### TASK OBJECTIVE
Pictures in the data should be dropped; transcribe exactly the lines from the one that has "Navy Crinkled Bomber Jacket" through the one that has "Woopie spēļu virtuves".
Start of DATA EXTRACTS
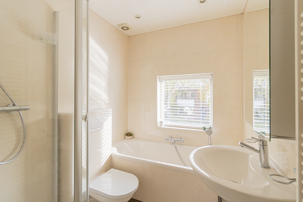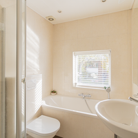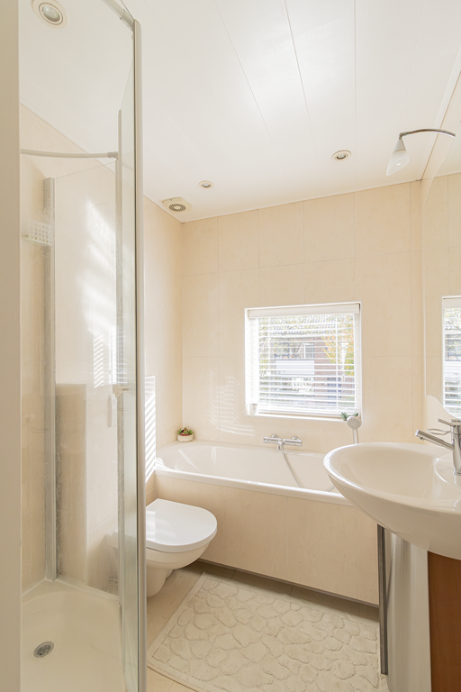 De overloop biedt toegang tot drie slaapkamers en badkamer. De badkamer is voorzien van een douche, ligbad, wastafelmeubel en een tweede toilet.
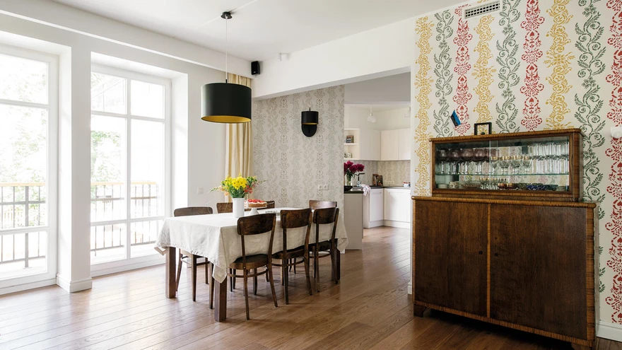 Nii söögilaua toolid kui ka puhvetkapp on korteri peremehe vanavanemate kodust pärit. | foto: Terje UgandiKadriorus Poska tänaval mõne aasta eest valminud maja ehitusaasta tekitab alailma küsimusi – see näeb välja, nagu oleks pärit Kadrioru kuldajast. Sisekujundaja Elina Freimuthi appi palunud pere tahtis endale kodu, mis oleks majaga ühes vaimus, piirkonna elegantsi ja väärikust kandev, samas uus, kerge ja avar.
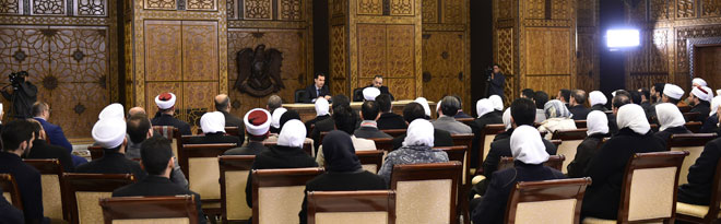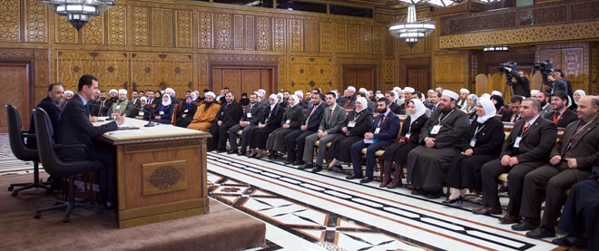 Durante el encuentro, el presidente al-Assad elogió la labor llevada a cabo por el grupo, considerando que el mismo refleja una imagen civilizada de la moderación en la religión islámica, señalando que algunos de los más importantes asuntos que deben ser desarrollados por el grupo son la reformulación de la terminología y la corrección de los conceptos falsos con la intención de propagar la religión correcta frente al extremismo.
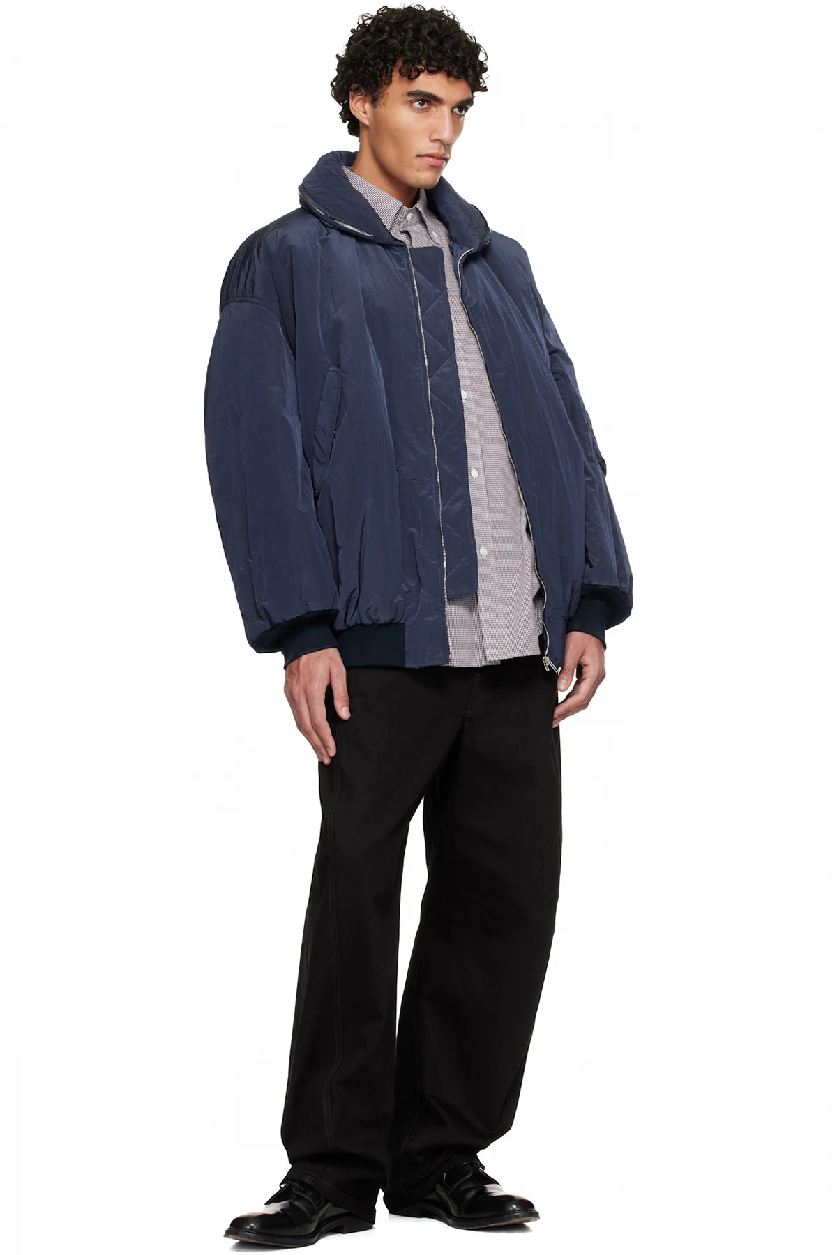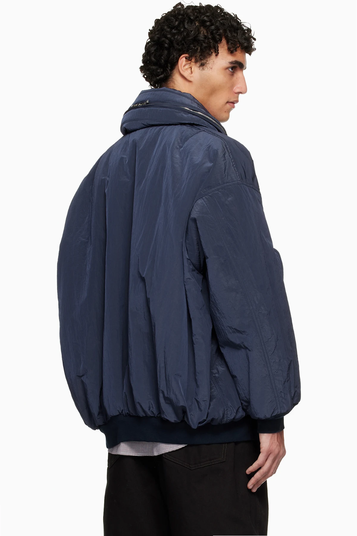 Navy Crinkled Bomber Jacket
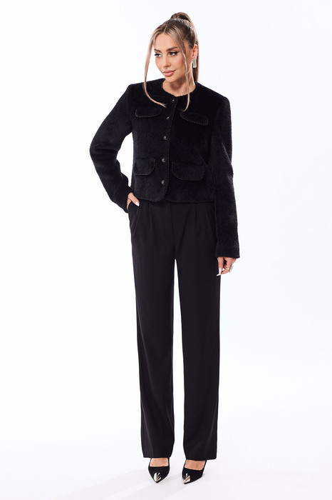 Жакет прямого силуэта с центральной застежкой на петли и пуговицы, без воротника, с круглым вырезом горловины. По переду с нагрудными вытачками. На уровне груди и линии талии расположены настрочные клапаны . Спинка со средним швом. Рукав втачной, длинный. Брюки прямые, с отрезным поясом и шлевками. В области спинки пояс присборен на резинку. На передних половинках расположены две односторонние складки и карманы. Вход в карман наклонный к боковому шву. Застежка гульфик.
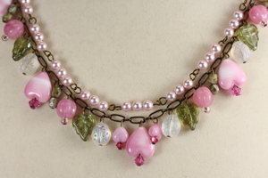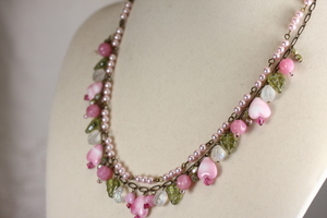 The pink flower beads in this necklace are really vintage German glass heart beads. Each one is a little different from all the others. To create this necklace Czech beads such as opaque pink melon beads, glistening white lady bug beads and green leaf beads were added to the mix. Inner necklace was created with Preciosa glass pearls in a lovely soft pink. The necklace measures 18 inches. All metals are American made brass.
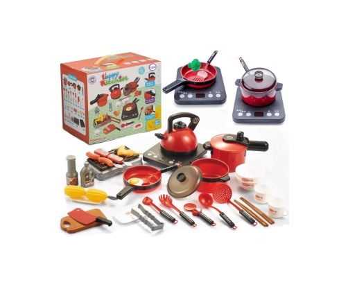 Woopie spēļu virtuves piederumi ir ideāla rotaļlieta bērniem, kas vēlas spēlēties ar ēdiena gatavošanu, mājas vai restorāna spēlēm. Tie lieliski imitē īstus katlus un virtuves piederumus. Ar šo komplektu bērns var pagatavot ēdienu savām lellēm vai lācīšiem. Komplekts ietver: katlu, tējkannu, pannas, šķīvjus, galda piederumus, griešanas nazīšus, griešanas dēli, indukcijas plīti, grilu un daudzus citus noderīgus aksesuārus. Šis virtuves piederumu komplekts nodrošina interesantas spēles iespējas mājās, bārā vai restorānā. Tas ir ideāli piemērots gan pašdarbības spēlēm, gan spēlēm ar pieaugušajiem vai citiem bērniem. Piederumi būs lieliska dāvana gan meitenēm, gan zēniem. Spilgti un dzīvotspējīgi toņi piesaistīs bērna uzmanību un mudinās uz spēlēšanos.
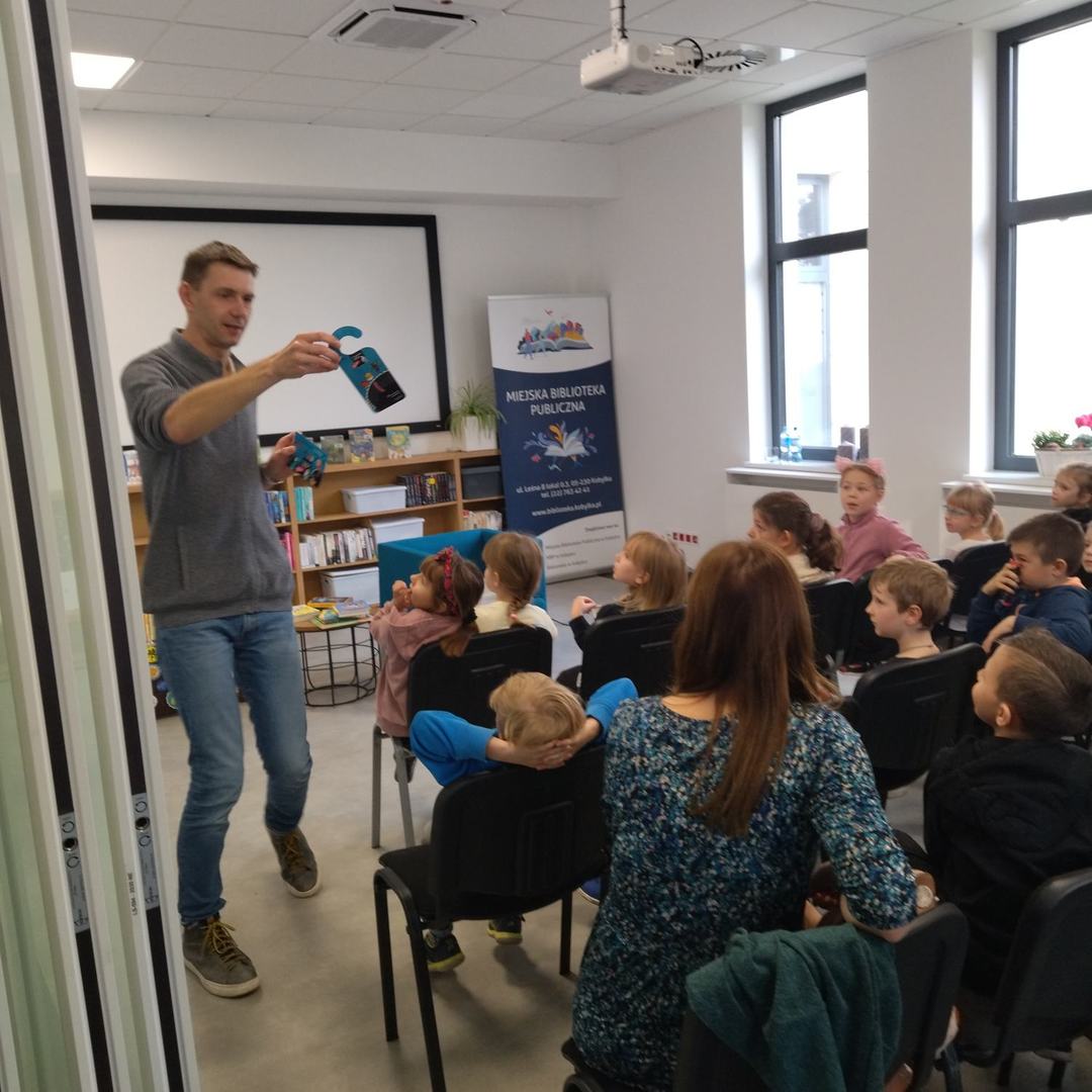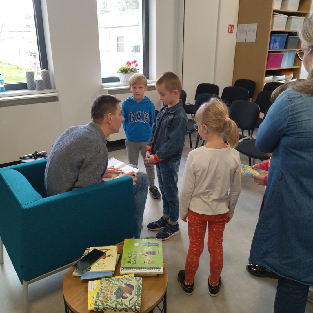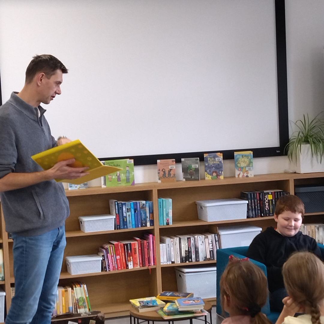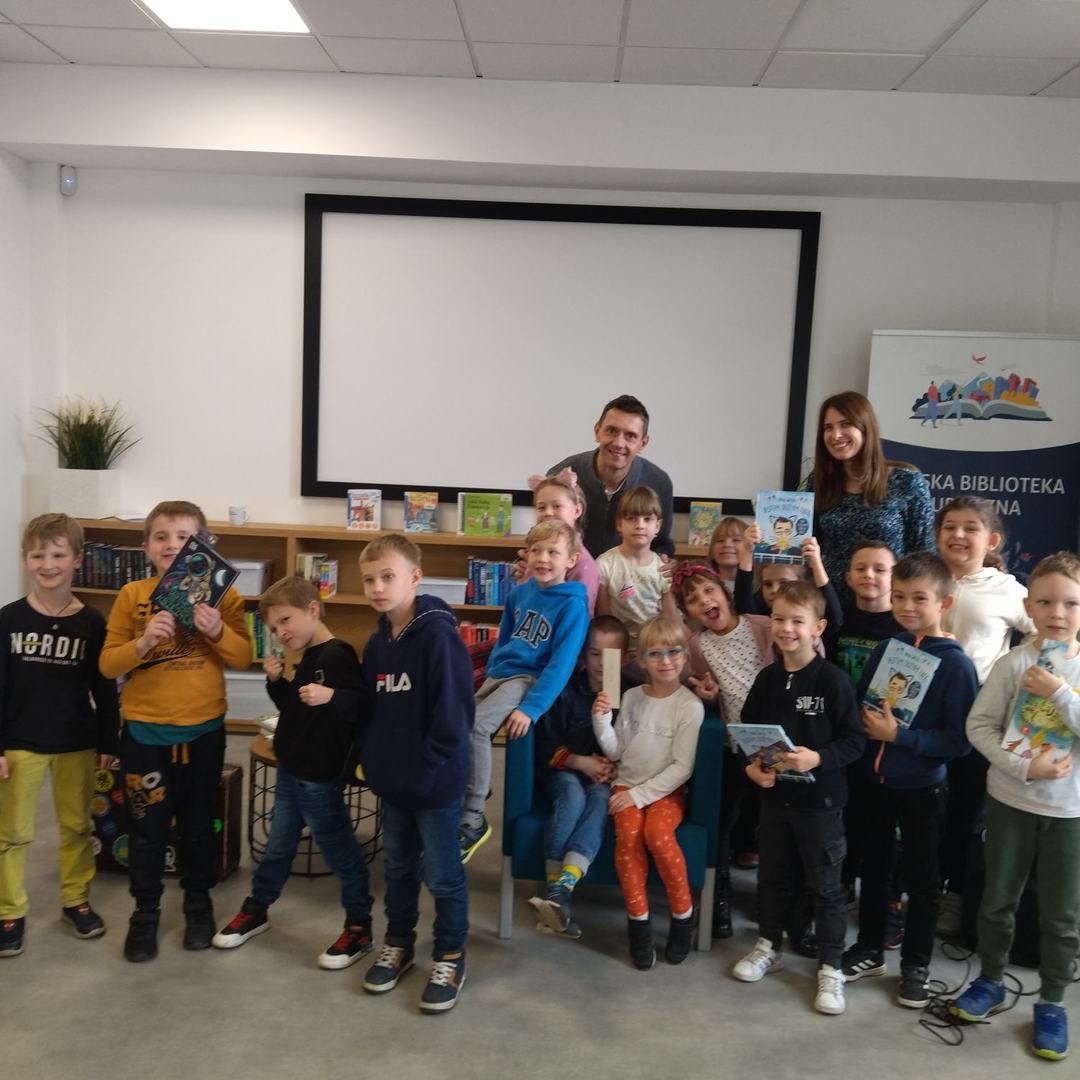 Mieliśmy dzisiaj niebywały zaszczyt gościć Rafała Witka - autora wierszy i opowiadań dla dzieci. Pisarz zaprezentował swoją twórczość w sposób niezwykle ekspresyjny i humorystyczny. Godzinne spotkanie, w którym udział wzięli uczniowie Zespołu Szkół Publicznych nr 2 w Kobyłce, wypełnione było kreatywną zabawą i twórczym myśleniem. Autor chętnie odpowiadał na pytania związane z jego osobą i zawodem. Pan Rafał udowodnił, że czytanie to doskonała zabawa, która pozwala zorganizować sobie wolny czas, tak, że nie ma miejsca na nudę, nawet jeśli jest „zero Internetu i innych nowoczesnych gadżetów”. Uśmiechnięte buzie małych czytelników świadczyły o tym, że spotkanie było bardzo wyjątkowe a deklaracja jednego z uczestników: "dzięki Panu zacznę czytać książki" chyba mówi sama za siebie. Bardzo dziękujemy za wizytę Panu Rafałowi Witek i do miłego zobaczenia!
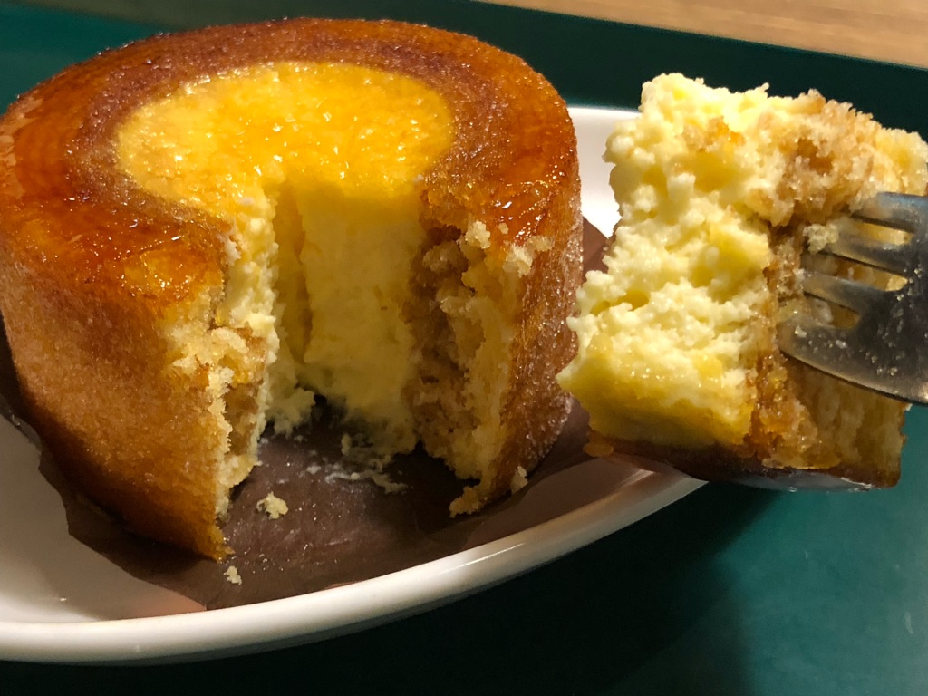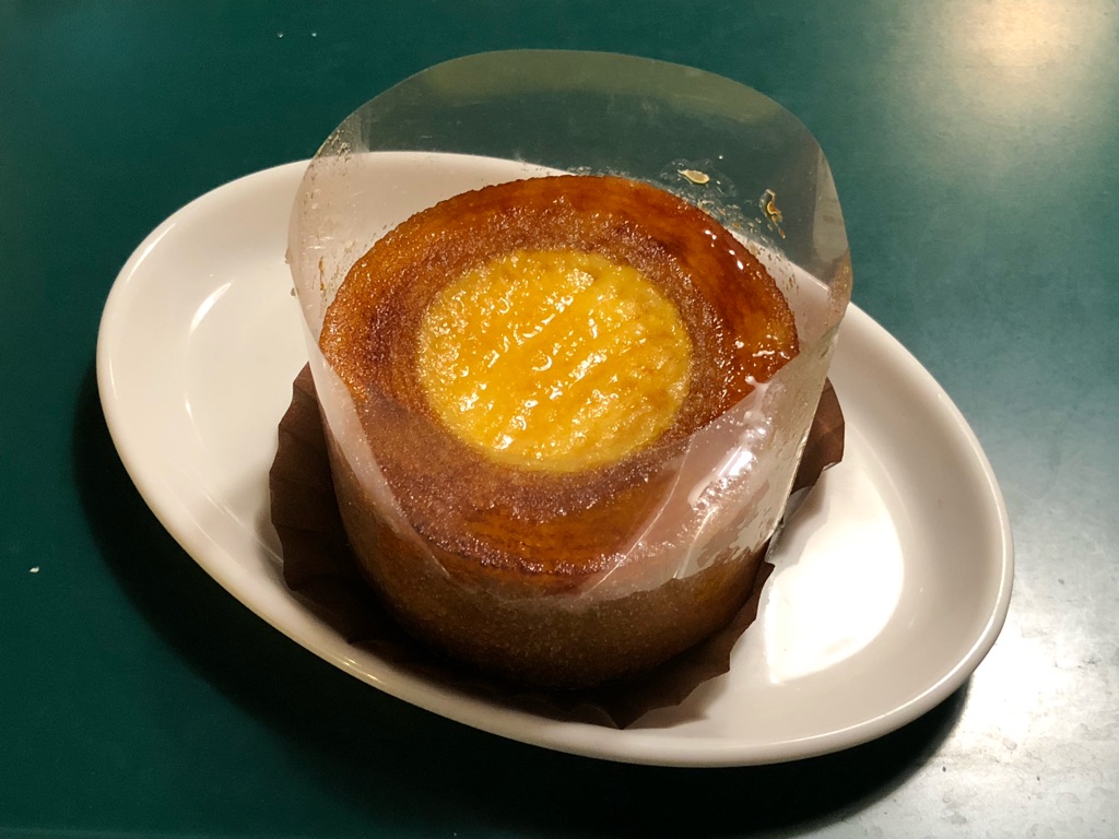 そういえば先日、こんなバウムクーヘンを紹介しました。「Tokyoねこバウム」。こちらは何もバウムクーヘン、丸くなくてよくない? と、型抜きして断層を楽しむものになっていましたが、今回の「ブリュレ in バウム」は、バウムクーヘンの“穴”に別のスイーツを埋めるという発想で来た。
End of DATA EXTRACTS
### EXPECTED ANSWER
 Navy Crinkled Bomber Jacket
 Жакет прямого силуэта с центральной застежкой на петли и пуговицы, без воротника, с круглым вырезом горловины. По переду с нагрудными вытачками. На уровне груди и линии талии расположены настрочные клапаны . Спинка со средним швом. Рукав втачной, длинный. Брюки прямые, с отрезным поясом и шлевками. В области спинки пояс присборен на резинку. На передних половинках расположены две односторонние складки и карманы. Вход в карман наклонный к боковому шву. Застежка гульфик.
 The pink flower beads in this necklace are really vintage German glass heart beads. Each one is a little different from all the others. To create this necklace Czech beads such as opaque pink melon beads, glistening white lady bug beads and green leaf beads were added to the mix. Inner necklace was created with Preciosa glass pearls in a lovely soft pink. The necklace measures 18 inches. All metals are American made brass.
 Woopie spēļu virtuves piederumi ir ideāla rotaļlieta bērniem, kas vēlas spēlēties ar ēdiena gatavošanu, mājas vai restorāna spēlēm. Tie lieliski imitē īstus katlus un virtuves piederumus. Ar šo komplektu bērns var pagatavot ēdienu savām lellēm vai lācīšiem. Komplekts ietver: katlu, tējkannu, pannas, šķīvjus, galda piederumus, griešanas nazīšus, griešanas dēli, indukcijas plīti, grilu un daudzus citus noderīgus aksesuārus. Šis virtuves piederumu komplekts nodrošina interesantas spēles iespējas mājās, bārā vai restorānā. Tas ir ideāli piemērots gan pašdarbības spēlēm, gan spēlēm ar pieaugušajiem vai citiem bērniem. Piederumi būs lieliska dāvana gan meitenēm, gan zēniem. Spilgti un dzīvotspējīgi toņi piesaistīs bērna uzmanību un mudinās uz spēlēšanos.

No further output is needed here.